# Induction Problem

1. May 9, 2008

### dtl42

1. The problem statement, all variables and given/known data
Prove by induction. The sum from 1 to n of $$\frac{1}{\sqrt{i}}$$ $$\geq$$ $$\sqrt{n}$$.

2. Relevant equations
none.

3. The attempt at a solution
I verified the base case, and all of that, I just can't get to anything useful.

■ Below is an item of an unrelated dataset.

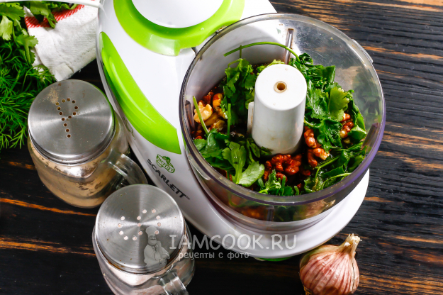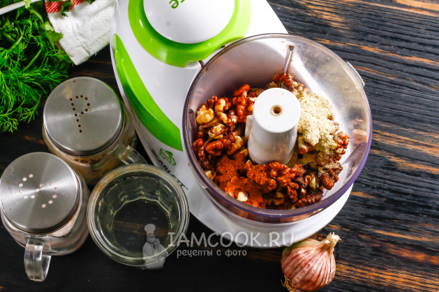Ядра грецких орехов засыпьте в чашу измельчителя или блендера, кухонного комбайна. Всыпьте туда же уцхо-сунели (не меняйте пряность на хмели-сунели, это будет не тот вкус!). Всыпьте соль, молотый красный жгучий перец.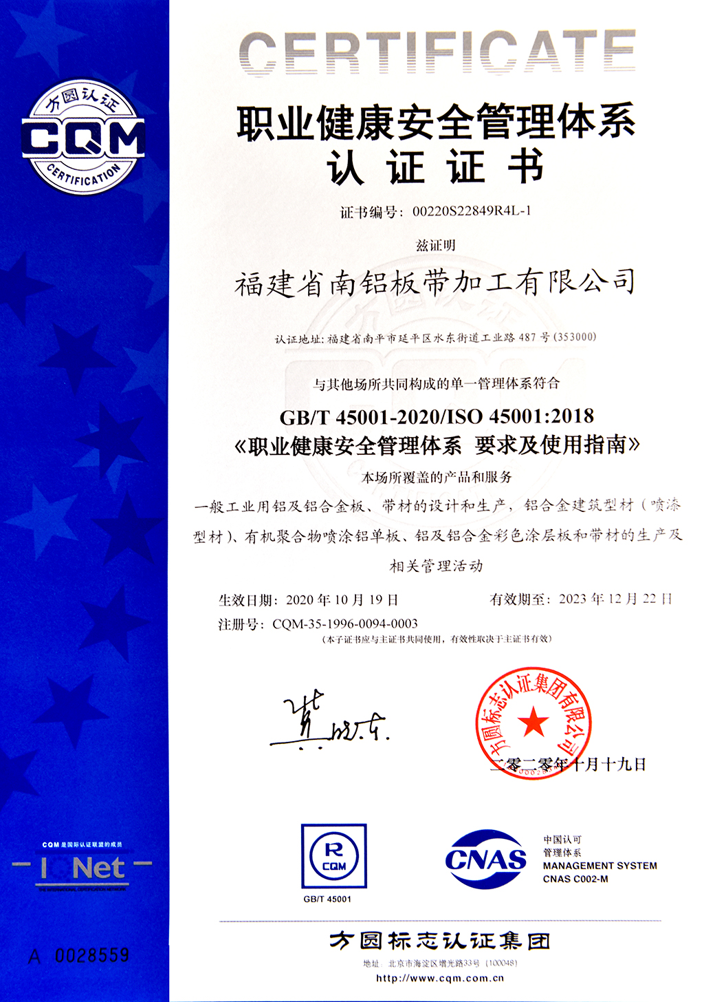 職業健康安全管理體系認證證書--南鋁板帶

I tried expanding the sum and adding the $$\frac{1}{\sqrt{n+1}}$$ but it didn't come to anything useful.

Thanks

2. May 9, 2008

### Tedjn

What have you gotten after adding the $1/\sqrt{n+1}$ ? What would you like the numerator of the fraction to be after combining?

3. May 10, 2008

### Kurret

after the induction assumption you have to prove the inequality:
$$\sum_{i=1}^n {\frac{1}{\sqrt{i}}}+\frac{1}{\sqrt{n+1}} \geq \sqrt{n+1}$$
given that $$\sum_{i=1}^n {\frac{1}{\sqrt{i}}} \geq \sqrt{n}$$

Last edited: May 10, 2008
4. May 10, 2008

### HallsofIvy

Staff Emeritus
Assuming $$\sum_{i=1}^n {\frac{1}{\sqrt{i}}} \geq \sqrt{n}$$. $$\sum_{i=1}^n {\frac{1}{\sqrt{i}}}+\frac{1}{\sqrt{n+1}} \geq \sqrt{n}+ \frac{1}{\sqrt{n+1}}$$
Adding those, $$\sqrt{n}+ \frac{1}{\sqrt{n+1}}=\frac{\sqrt{n^2+ n}+1}{\sqrt{n+1}}$$
that's what you want if $$\sqrt{n^2+ n}+ 1\ge \sqrt{n+1}$$ and that should be easy to prove.